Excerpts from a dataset

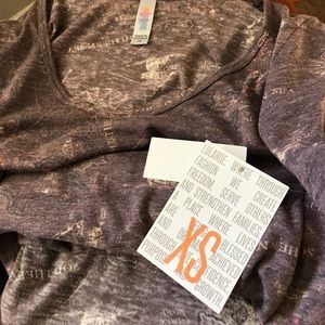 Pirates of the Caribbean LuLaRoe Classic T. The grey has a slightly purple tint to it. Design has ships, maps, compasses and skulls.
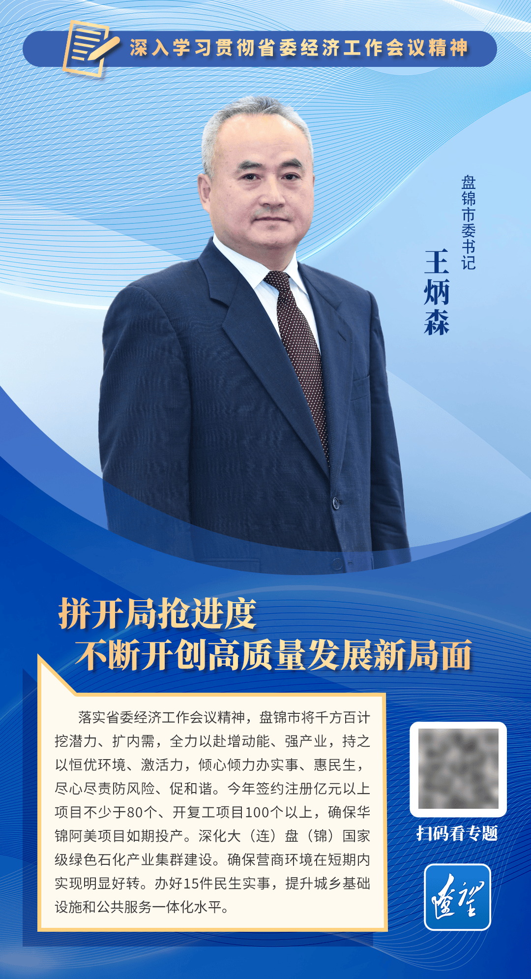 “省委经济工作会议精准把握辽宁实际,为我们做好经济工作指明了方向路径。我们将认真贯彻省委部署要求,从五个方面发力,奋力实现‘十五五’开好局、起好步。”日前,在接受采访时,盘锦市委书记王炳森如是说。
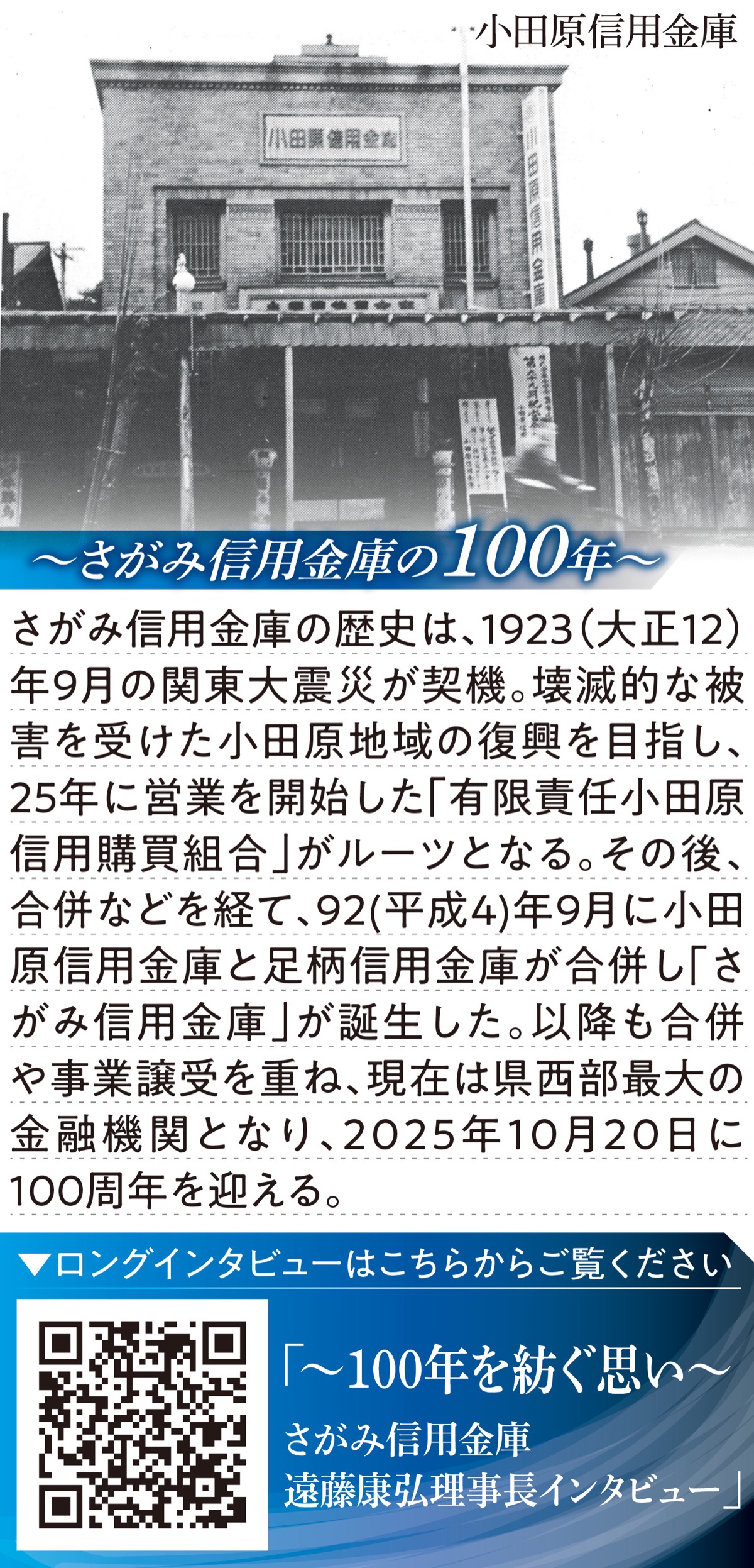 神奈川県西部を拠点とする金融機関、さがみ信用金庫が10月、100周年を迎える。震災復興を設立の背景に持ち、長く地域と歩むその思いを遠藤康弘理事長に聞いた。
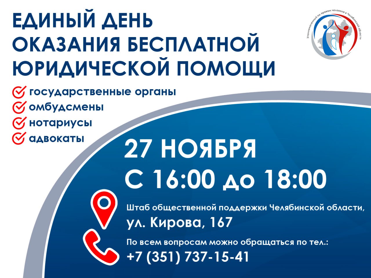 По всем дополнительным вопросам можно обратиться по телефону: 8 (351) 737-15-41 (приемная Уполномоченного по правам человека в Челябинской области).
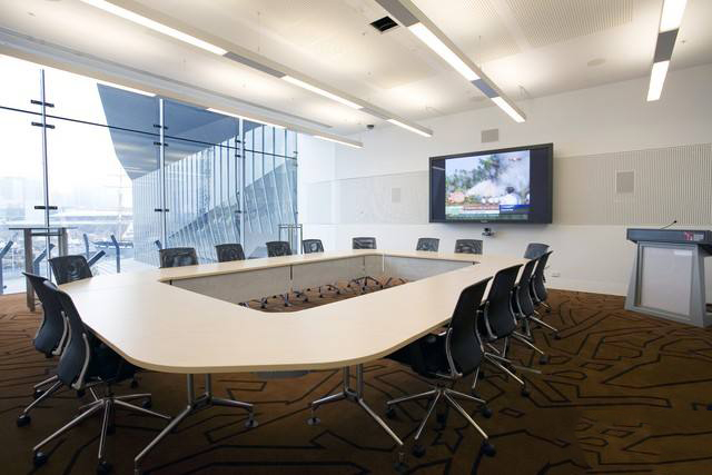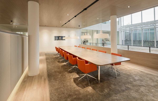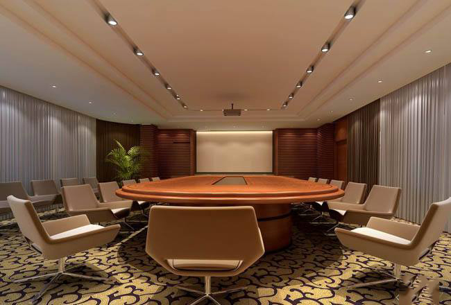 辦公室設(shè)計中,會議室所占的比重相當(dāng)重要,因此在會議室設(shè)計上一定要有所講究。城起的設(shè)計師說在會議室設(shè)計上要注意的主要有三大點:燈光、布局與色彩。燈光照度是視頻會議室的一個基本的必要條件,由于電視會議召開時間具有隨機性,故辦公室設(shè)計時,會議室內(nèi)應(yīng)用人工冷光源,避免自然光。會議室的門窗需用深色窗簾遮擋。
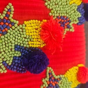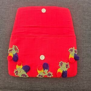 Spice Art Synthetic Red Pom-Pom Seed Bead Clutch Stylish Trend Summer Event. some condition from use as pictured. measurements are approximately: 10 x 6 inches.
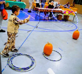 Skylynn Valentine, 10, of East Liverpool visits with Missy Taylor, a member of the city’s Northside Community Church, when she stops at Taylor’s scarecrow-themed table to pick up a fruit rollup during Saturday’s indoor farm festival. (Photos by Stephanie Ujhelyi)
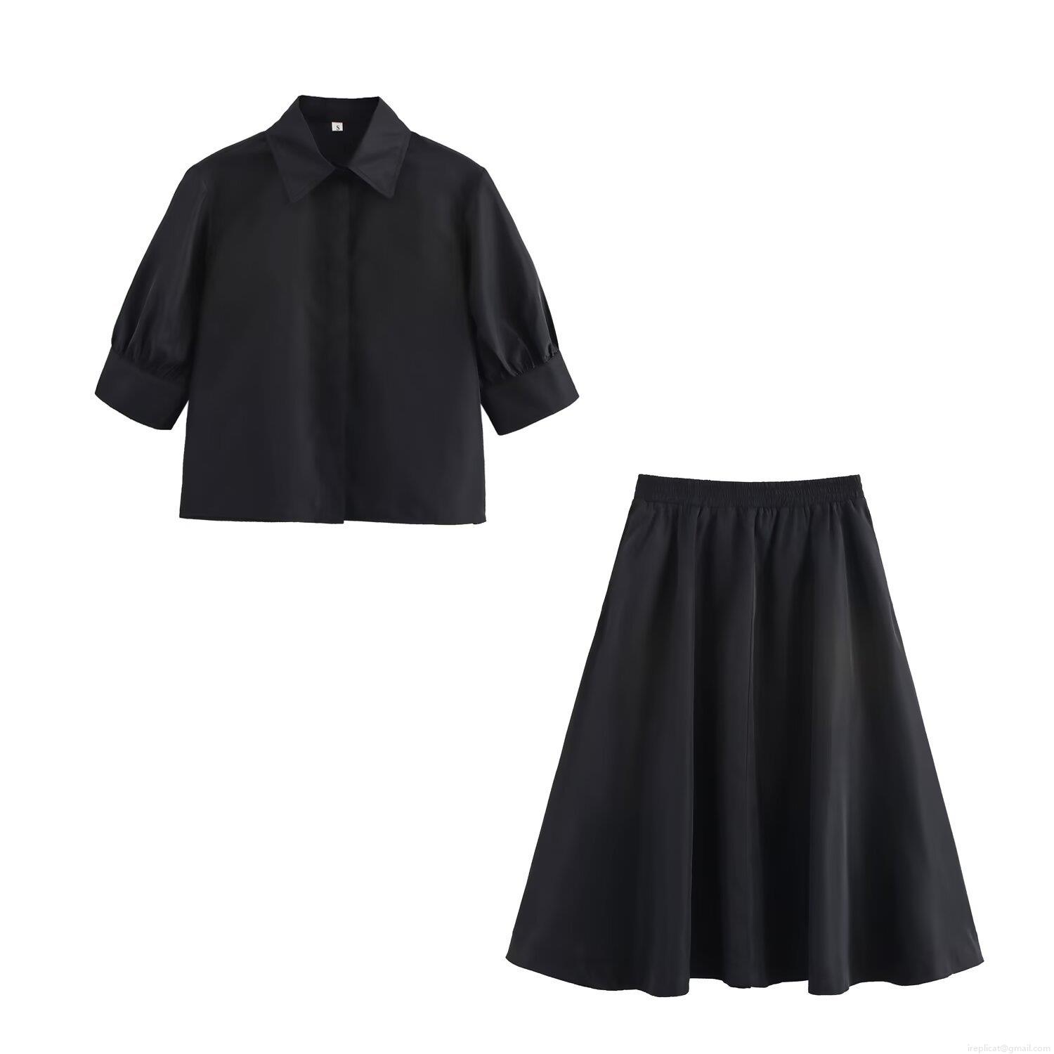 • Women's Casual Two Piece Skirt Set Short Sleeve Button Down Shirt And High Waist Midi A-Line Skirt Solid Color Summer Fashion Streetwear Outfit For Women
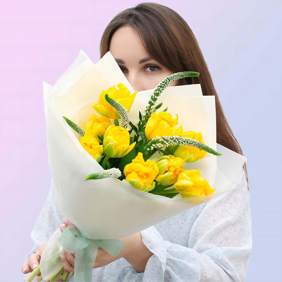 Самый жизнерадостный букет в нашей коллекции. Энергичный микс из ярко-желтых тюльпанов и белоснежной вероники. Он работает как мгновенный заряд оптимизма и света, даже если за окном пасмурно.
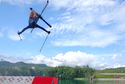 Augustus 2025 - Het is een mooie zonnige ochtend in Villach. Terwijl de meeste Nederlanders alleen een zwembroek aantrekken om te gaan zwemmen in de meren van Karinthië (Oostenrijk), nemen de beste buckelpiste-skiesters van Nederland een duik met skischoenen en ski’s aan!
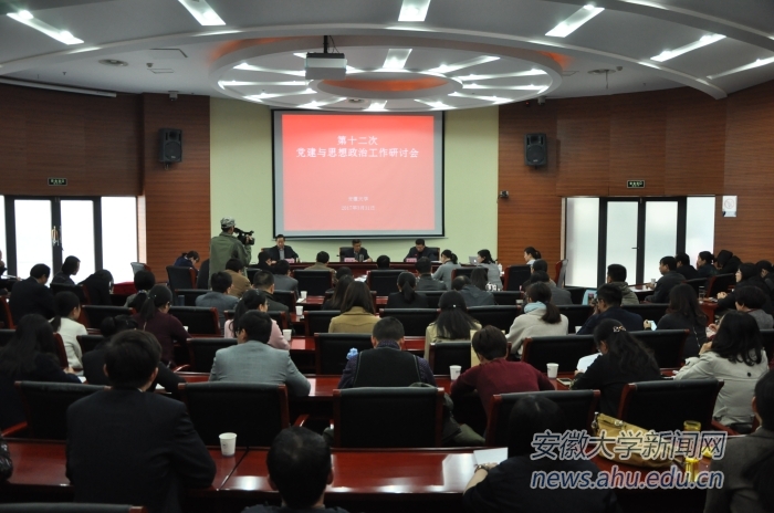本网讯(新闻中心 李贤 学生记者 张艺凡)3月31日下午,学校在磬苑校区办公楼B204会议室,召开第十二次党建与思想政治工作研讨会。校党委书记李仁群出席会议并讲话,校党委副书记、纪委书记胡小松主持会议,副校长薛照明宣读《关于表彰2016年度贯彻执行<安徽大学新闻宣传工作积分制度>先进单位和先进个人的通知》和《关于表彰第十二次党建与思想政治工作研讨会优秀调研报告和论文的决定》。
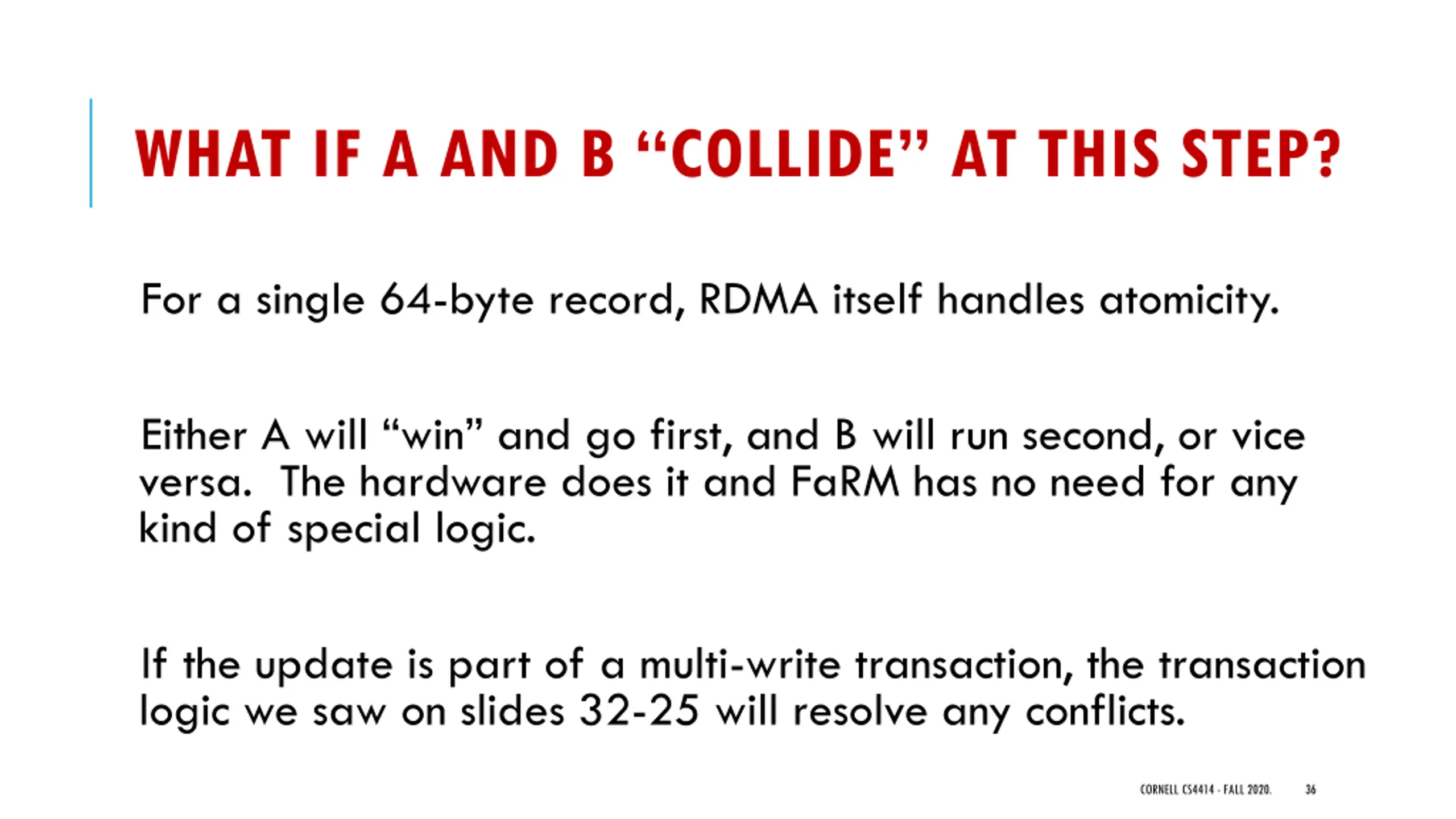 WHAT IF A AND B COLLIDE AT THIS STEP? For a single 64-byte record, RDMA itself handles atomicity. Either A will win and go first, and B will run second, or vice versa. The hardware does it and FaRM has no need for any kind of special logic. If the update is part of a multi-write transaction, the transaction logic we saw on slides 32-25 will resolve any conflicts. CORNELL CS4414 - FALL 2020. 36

__WORK TASK__. Copy word for word the lines of the records above from the one with "Skylynn Valentine, 10, of" up to and including the one with "Самый жизнерадостный букет". Skip the pictures.

__TASK ANSWER__.
 Skylynn Valentine, 10, of East Liverpool visits with Missy Taylor, a member of the city’s Northside Community Church, when she stops at Taylor’s scarecrow-themed table to pick up a fruit rollup during Saturday’s indoor farm festival. (Photos by Stephanie Ujhelyi)
 • Women's Casual Two Piece Skirt Set Short Sleeve Button Down Shirt And High Waist Midi A-Line Skirt Solid Color Summer Fashion Streetwear Outfit For Women
 Самый жизнерадостный букет в нашей коллекции. Энергичный микс из ярко-желтых тюльпанов и белоснежной вероники. Он работает как мгновенный заряд оптимизма и света, даже если за окном пасмурно.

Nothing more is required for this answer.